**EXERCISE MATERIAL:**
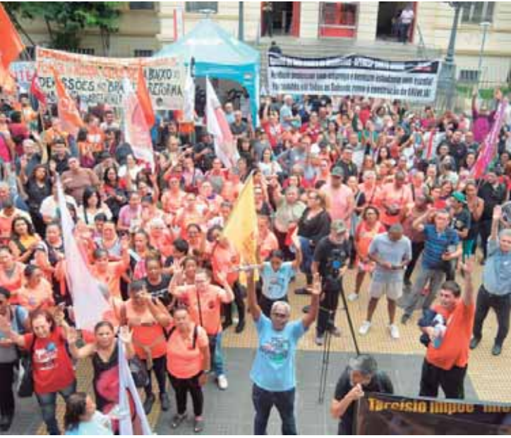
Professores, estudantes, pais e lideranças sociais durante a manifestação em defesa da educação pública de qualidade no Estado de São Paulo
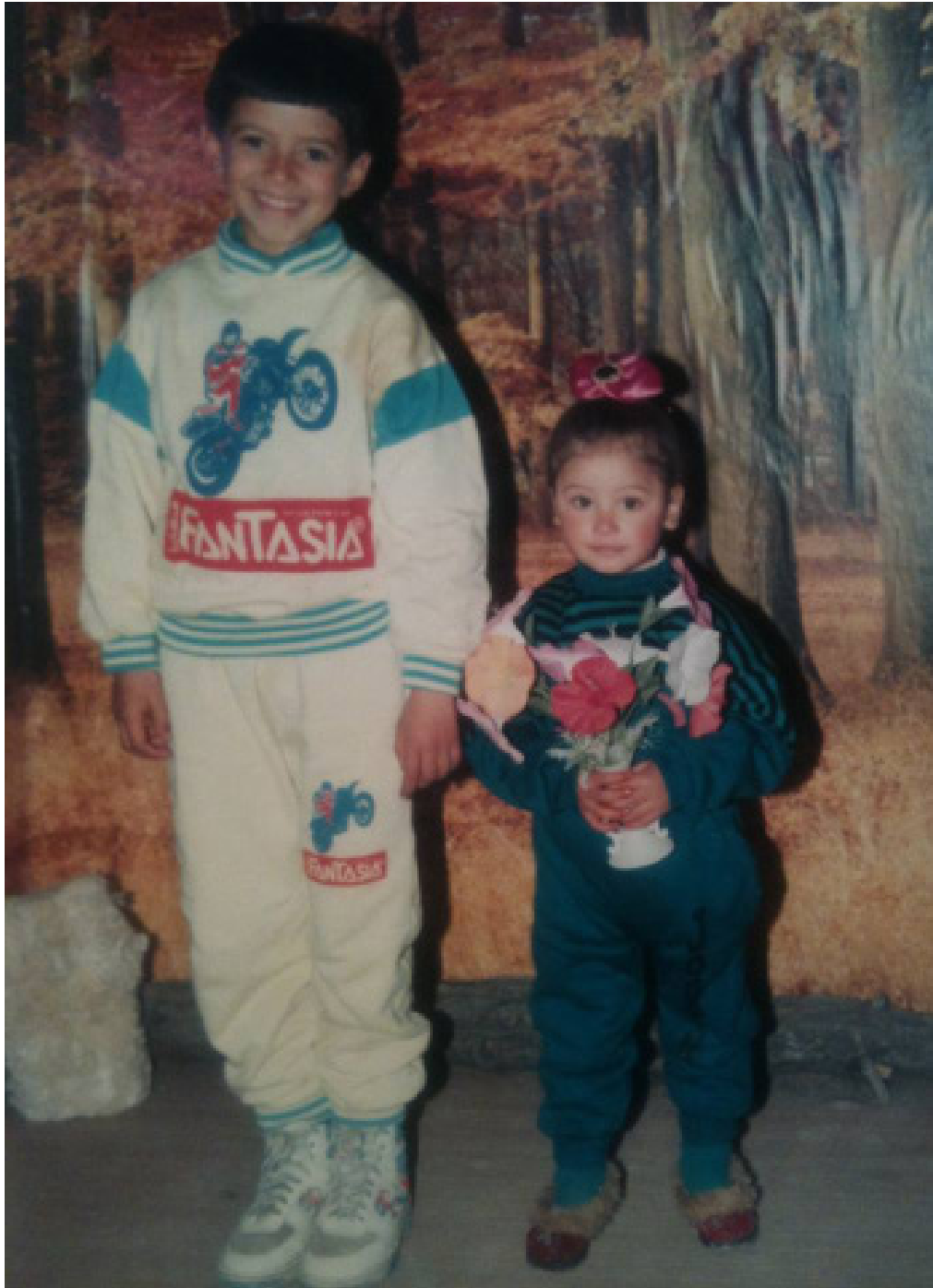
Nous deux Image photographique de famille, 1990, 10 X 15 cm 2019
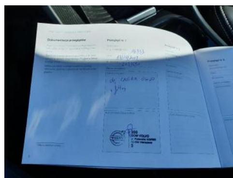
Fot. 24 Książka serwisowa - ostatni przegląd
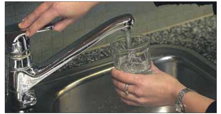
Merirauman alueella saattaa hanoista tulla tänään hetkittäin rusehtavaa vettä, joka ei kuitenkaan ole haitallista.
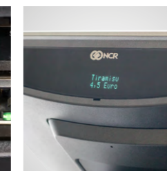
Afficheur client 2x20 intégré (option)
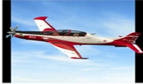
Şekil-2: Hürkuş Eğitim Uçağı

İsmi tarihi kahraman şahsiyetlerden alan bir diğer savunma sanayii ürünü, Hürjet ve Hürkuş'tur. Türk havacılık tarihinin başlangıcında yer alan; ilk Türk uçağı tasarımcısı ve üreticisi olan Vecihi Hürkuş'a ithaf edilen bu eğitim uçağı ve jetleri, temel eğitim ve savaş uçağı dönüşümü arasındaki tüm eğitim kademelerinde kullanılmak ve zorlu operasyonlarda yakın hava desteği görevlerini yerine getirmek üzere, yeni nesil gelişmiş eğitim ve hafif taarruz uçağı olarak üstün performans sağlaması amacıyla tasarlanmıştır. Hürkuş'un, en zorlu görevler için maliyet etkin bir çözüm sunduğu belirtilmektedir (Savunma Sanayii Ürün Kataloğu 10 , 2019: 136).
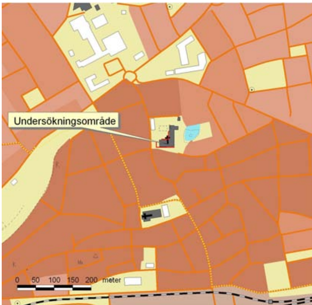
Fig. 2. Ystad kloster med schakten rödmärkerade. Utdrag ur fastighetskartan, blad 1D 9e.
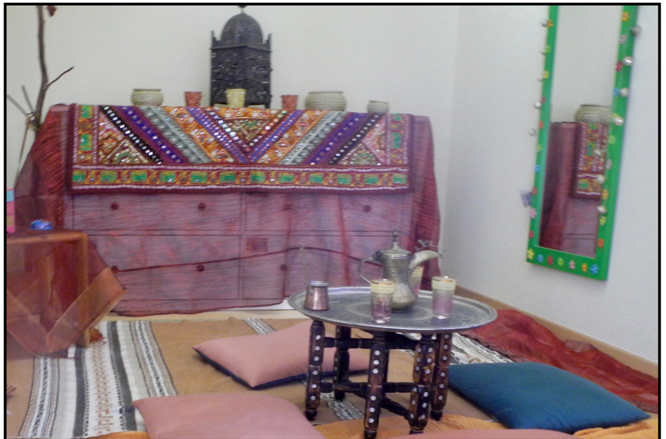
Im Wohnzimmer sitzt man auf Kissen am Boden. Der Besucher wird immer zu einem Glas Tee eingeladen.
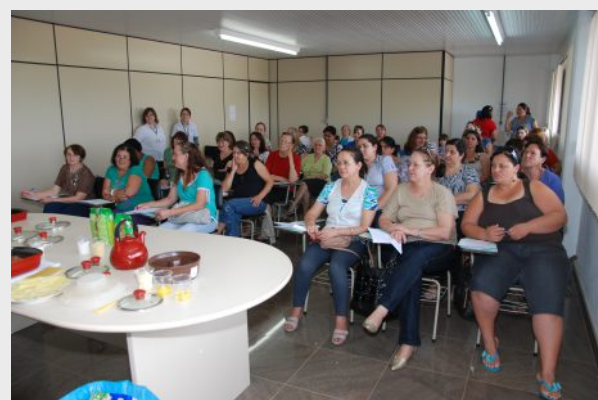
Data: 24 de novembro Local: Auditório do Supermercado Santa Bárbara do Sul
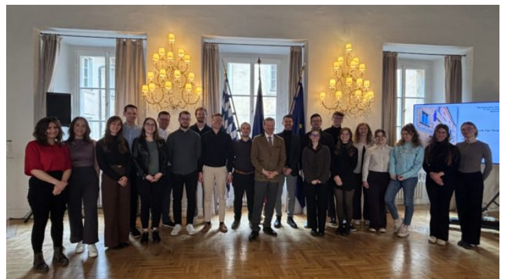
Besuch von Referendaren des Landgerichts Bamberg
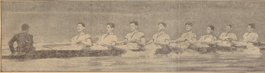
Zum 85. Male Oxford—Cambridge

Das größte Ereignis des englischen Rudersports, der traditionelle Achterkampf der beiden Universitäten Oxford und Cambridge, fand am Sonntag auf der fast 7000 Meter langen Rennstrecke zwischen Putney und Mortlake zum 85. Male statt. Cambridge legte mit 2/4 Längen Vorsprung, links Oxford, rechts Cambridge.
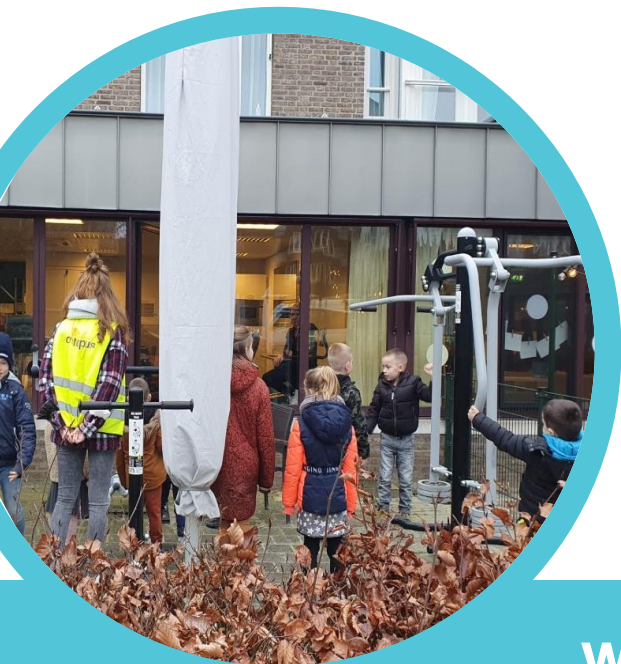
Fitness op straat in de week voor kerst. De kinderen waren er niet weg te krijgen.
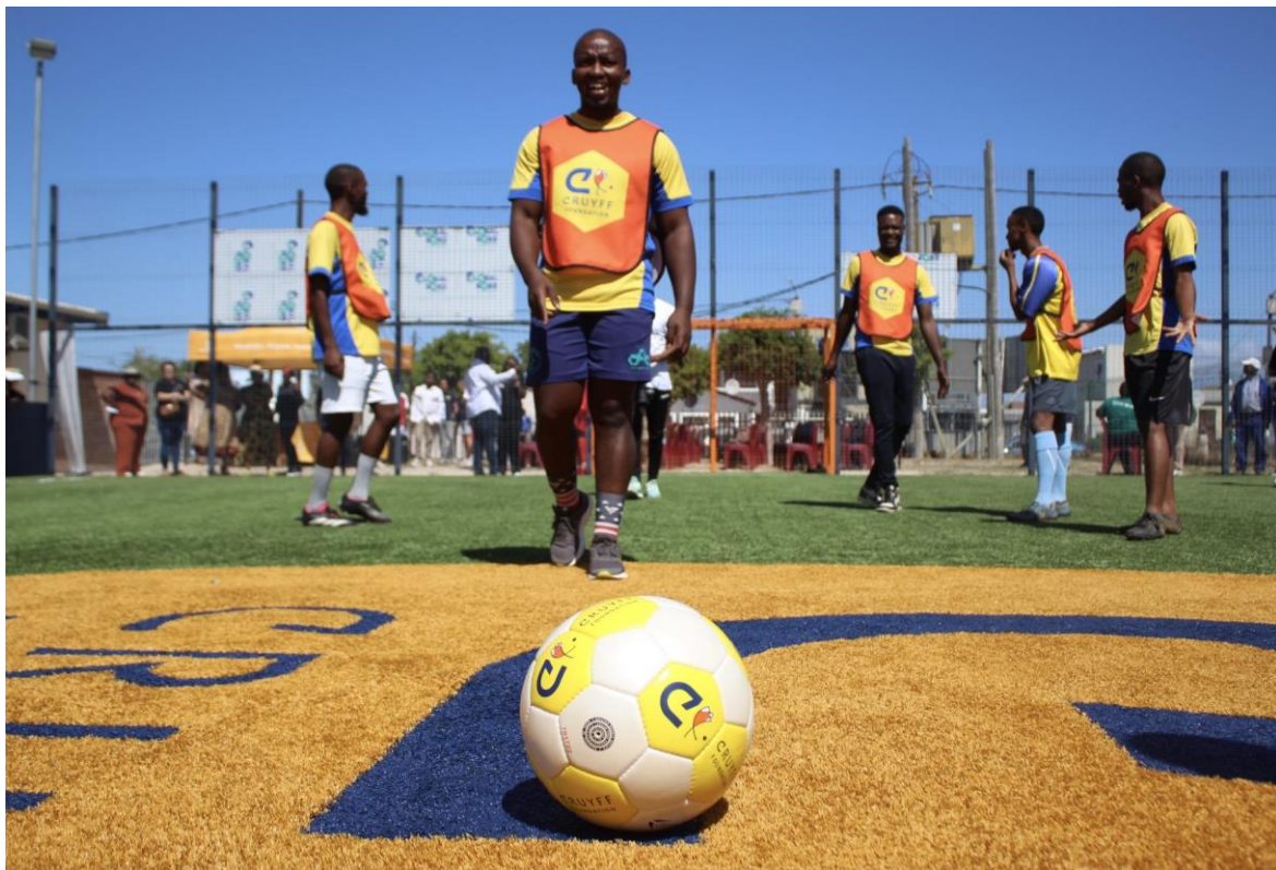
Foto: sportende jongeren op één van de Cruyff Courts in Johannesburg.

Dit programma is in 2023 gestart met een pilot programma in Johannesburg. Dit breidt zich momenteel uit naar een tweede MBK en met de start van twee Cruyff Courts per jaar in Zuid-Afrika. Een holistische kijk op gezondheidszorg, inclusief gezond eten, sporten en toegang tot klinieken moet ervoor zorgen dat de levensverwachting in onze leefgemeenschappen omhooggaat en ziekteverzuim, alsmede bijvoorbeeld tienerzwangerschappen omlaaggaan.
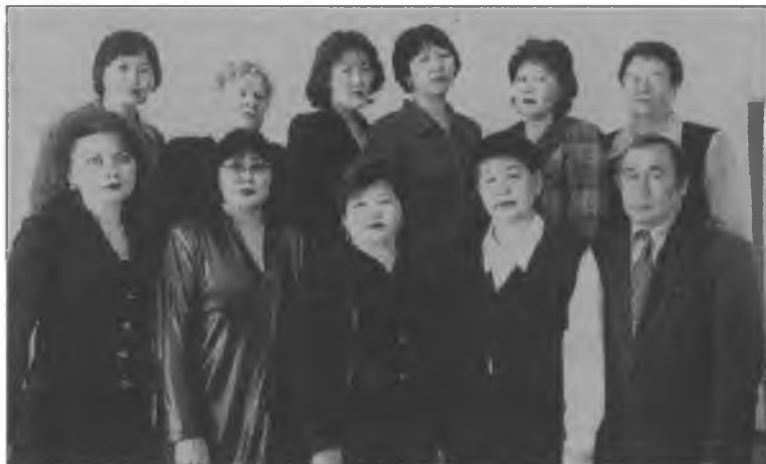
Кафедра гуманитарного цикла
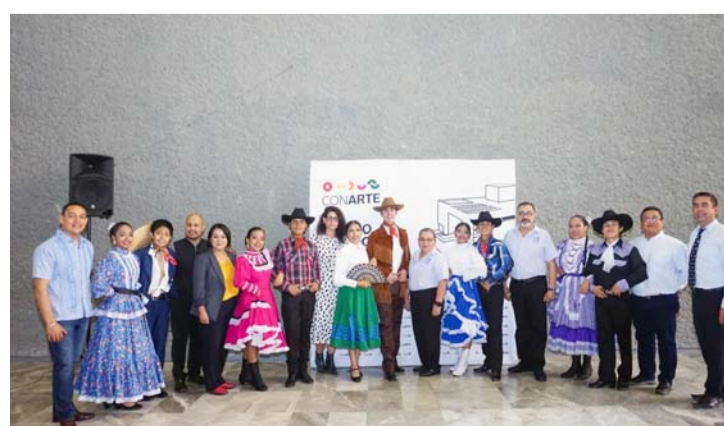
Participarán más de 200 parejas de NL, Coahuila, Chihuahua, Tamaulipas y Durango.

Además del diploma digital, habrá incentivos económicos para las parejas ganadoras, de 10 mil pesos, y una placa.
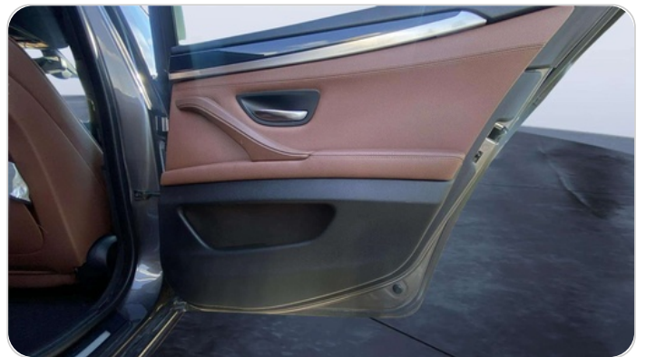
RR R DOOR
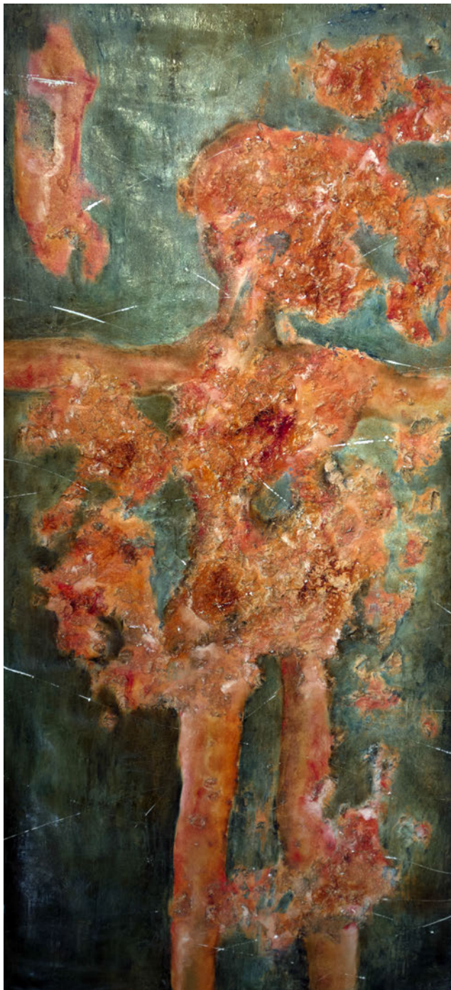
Laurence Wyllie, Sans titre , huile sur toile, 70x145cm.
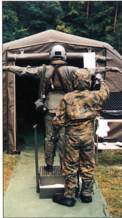
Nivel contaminación previo inicio paso CCA.

otro lado era/es requisito para formar parte de las que ya referidas RF(A). Se impartieron las correspondientes "botas" sobre la defensa NBQ y en especial sobre el equipo de protección y se comenzó a practicar el proceso de equipación y desequipación, paso previo al concepto de CCA (Contaminación Control Aérea).
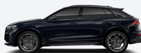
Night blue, pearl effect (Q0Q0)
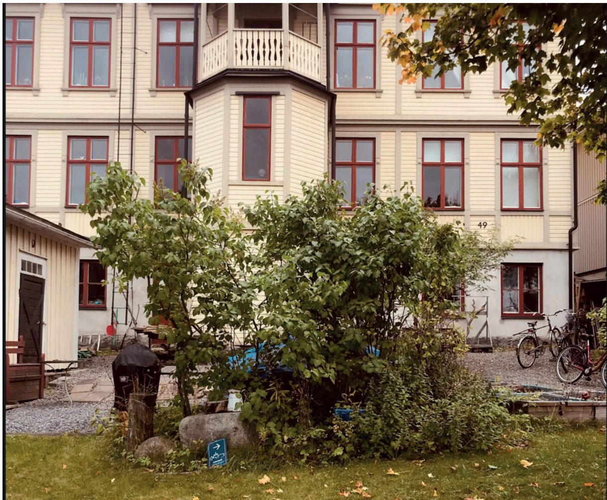
Fasaden mot Skeppsbron nedan.
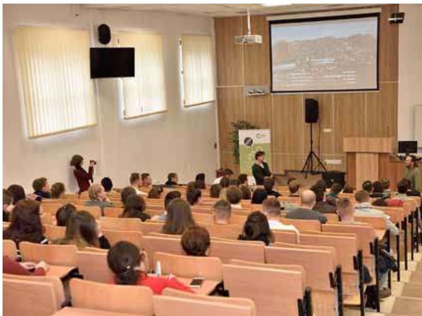
Obr. 2. Prednáška spoločnosti Priateľov Zeme, týkajúca sa problematiky produkcie odpadov a separovania (Prešov, 2019).

Veľký význam pri environmentálnom vzdelávaní je potrebné prikladať komunikácii s externým prostredím. Dynamika zmien – nielen legislatívnych či spoločenských – determinuje potrebu neustálych snáh o skvalitňovanie vzdelávania modifikáciou obsahov etablovaných predmetov i zavádzaním nových predmetov tak, aby na jednej strane reflektovali na aktuálne dianie v externom prostredí, aktuálne trendy vzdelávania a implementovania vedeckých výsledkov do edukačného procesu, na druhej strane treba tiež prihliadať na silnejúce snahy o maximalizáciu uplatniteľnosti absolventov v odbore. Nie je ambíciou predkladaného príspevku diskutovať o úplnej správnosti prispôsobovania vysokoškolského vzdelávania práve uvedenému atribútu (napr. pri neexistencii oficiálnych relevantných štatistík uplatnenia absolventov vo vyštudovanom odbore, rýchlej dynamike zmien vonkajšieho prostredia nekorelujúcej s dĺžkou prípravy kvalitných a komplexných modifikácií vzdelávania a pod.). Vzdelávanie však musí vytvárať takú kombináciu teoretic-
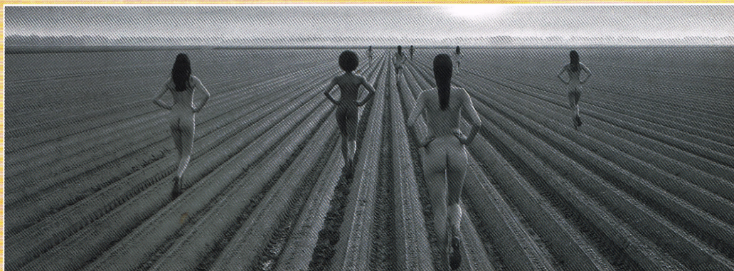
Het Flevolandse landschap is verrassend, maar dit beeld is toch echt een illusie.
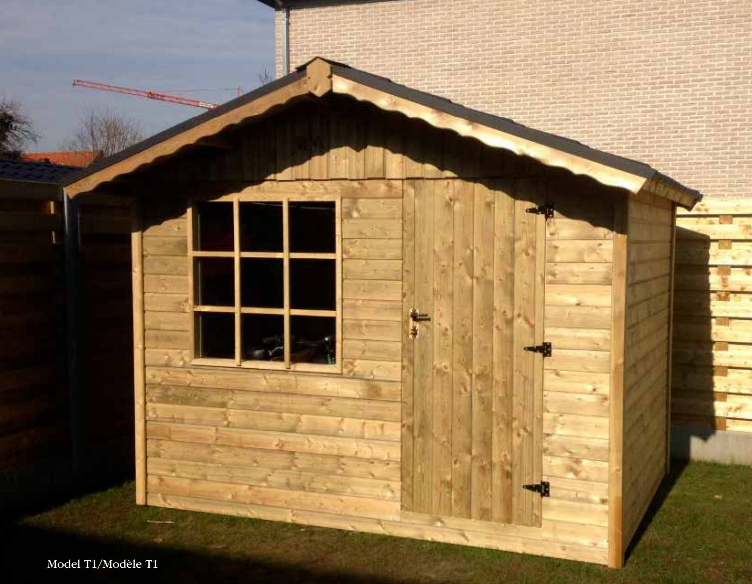
Model T1/Modèle T1

**BRIEF:**
Skipping the images, write out the whole listing exactly.

**SOLUTION TO THIS EXERCISE:**
Professores, estudantes, pais e lideranças sociais durante a manifestação em defesa da educação pública de qualidade no Estado de São Paulo
Nous deux Image photographique de famille, 1990, 10 X 15 cm 2019
Fot. 24 Książka serwisowa - ostatni przegląd
Merirauman alueella saattaa hanoista tulla tänään hetkittäin rusehtavaa vettä, joka ei kuitenkaan ole haitallista.
Afficheur client 2x20 intégré (option)
Şekil-2: Hürkuş Eğitim Uçağı

İsmi tarihi kahraman şahsiyetlerden alan bir diğer savunma sanayii ürünü, Hürjet ve Hürkuş'tur. Türk havacılık tarihinin başlangıcında yer alan; ilk Türk uçağı tasarımcısı ve üreticisi olan Vecihi Hürkuş'a ithaf edilen bu eğitim uçağı ve jetleri, temel eğitim ve savaş uçağı dönüşümü arasındaki tüm eğitim kademelerinde kullanılmak ve zorlu operasyonlarda yakın hava desteği görevlerini yerine getirmek üzere, yeni nesil gelişmiş eğitim ve hafif taarruz uçağı olarak üstün performans sağlaması amacıyla tasarlanmıştır. Hürkuş'un, en zorlu görevler için maliyet etkin bir çözüm sunduğu belirtilmektedir (Savunma Sanayii Ürün Kataloğu 10 , 2019: 136).
Fig. 2. Ystad kloster med schakten rödmärkerade. Utdrag ur fastighetskartan, blad 1D 9e.
Im Wohnzimmer sitzt man auf Kissen am Boden. Der Besucher wird immer zu einem Glas Tee eingeladen.
Data: 24 de novembro Local: Auditório do Supermercado Santa Bárbara do Sul
Besuch von Referendaren des Landgerichts Bamberg
Zum 85. Male Oxford—Cambridge

Das größte Ereignis des englischen Rudersports, der traditionelle Achterkampf der beiden Universitäten Oxford und Cambridge, fand am Sonntag auf der fast 7000 Meter langen Rennstrecke zwischen Putney und Mortlake zum 85. Male statt. Cambridge legte mit 2/4 Längen Vorsprung, links Oxford, rechts Cambridge.
Fitness op straat in de week voor kerst. De kinderen waren er niet weg te krijgen.
Foto: sportende jongeren op één van de Cruyff Courts in Johannesburg.

Dit programma is in 2023 gestart met een pilot programma in Johannesburg. Dit breidt zich momenteel uit naar een tweede MBK en met de start van twee Cruyff Courts per jaar in Zuid-Afrika. Een holistische kijk op gezondheidszorg, inclusief gezond eten, sporten en toegang tot klinieken moet ervoor zorgen dat de levensverwachting in onze leefgemeenschappen omhooggaat en ziekteverzuim, alsmede bijvoorbeeld tienerzwangerschappen omlaaggaan.
Кафедра гуманитарного цикла
Participarán más de 200 parejas de NL, Coahuila, Chihuahua, Tamaulipas y Durango.

Además del diploma digital, habrá incentivos económicos para las parejas ganadoras, de 10 mil pesos, y una placa.
RR R DOOR
Laurence Wyllie, Sans titre , huile sur toile, 70x145cm.
Nivel contaminación previo inicio paso CCA.

otro lado era/es requisito para formar parte de las que ya referidas RF(A). Se impartieron las correspondientes "botas" sobre la defensa NBQ y en especial sobre el equipo de protección y se comenzó a practicar el proceso de equipación y desequipación, paso previo al concepto de CCA (Contaminación Control Aérea).
Night blue, pearl effect (Q0Q0)
Fasaden mot Skeppsbron nedan.
Obr. 2. Prednáška spoločnosti Priateľov Zeme, týkajúca sa problematiky produkcie odpadov a separovania (Prešov, 2019).

Veľký význam pri environmentálnom vzdelávaní je potrebné prikladať komunikácii s externým prostredím. Dynamika zmien – nielen legislatívnych či spoločenských – determinuje potrebu neustálych snáh o skvalitňovanie vzdelávania modifikáciou obsahov etablovaných predmetov i zavádzaním nových predmetov tak, aby na jednej strane reflektovali na aktuálne dianie v externom prostredí, aktuálne trendy vzdelávania a implementovania vedeckých výsledkov do edukačného procesu, na druhej strane treba tiež prihliadať na silnejúce snahy o maximalizáciu uplatniteľnosti absolventov v odbore. Nie je ambíciou predkladaného príspevku diskutovať o úplnej správnosti prispôsobovania vysokoškolského vzdelávania práve uvedenému atribútu (napr. pri neexistencii oficiálnych relevantných štatistík uplatnenia absolventov vo vyštudovanom odbore, rýchlej dynamike zmien vonkajšieho prostredia nekorelujúcej s dĺžkou prípravy kvalitných a komplexných modifikácií vzdelávania a pod.). Vzdelávanie však musí vytvárať takú kombináciu teoretic-
Het Flevolandse landschap is verrassend, maar dit beeld is toch echt een illusie.
Model T1/Modèle T1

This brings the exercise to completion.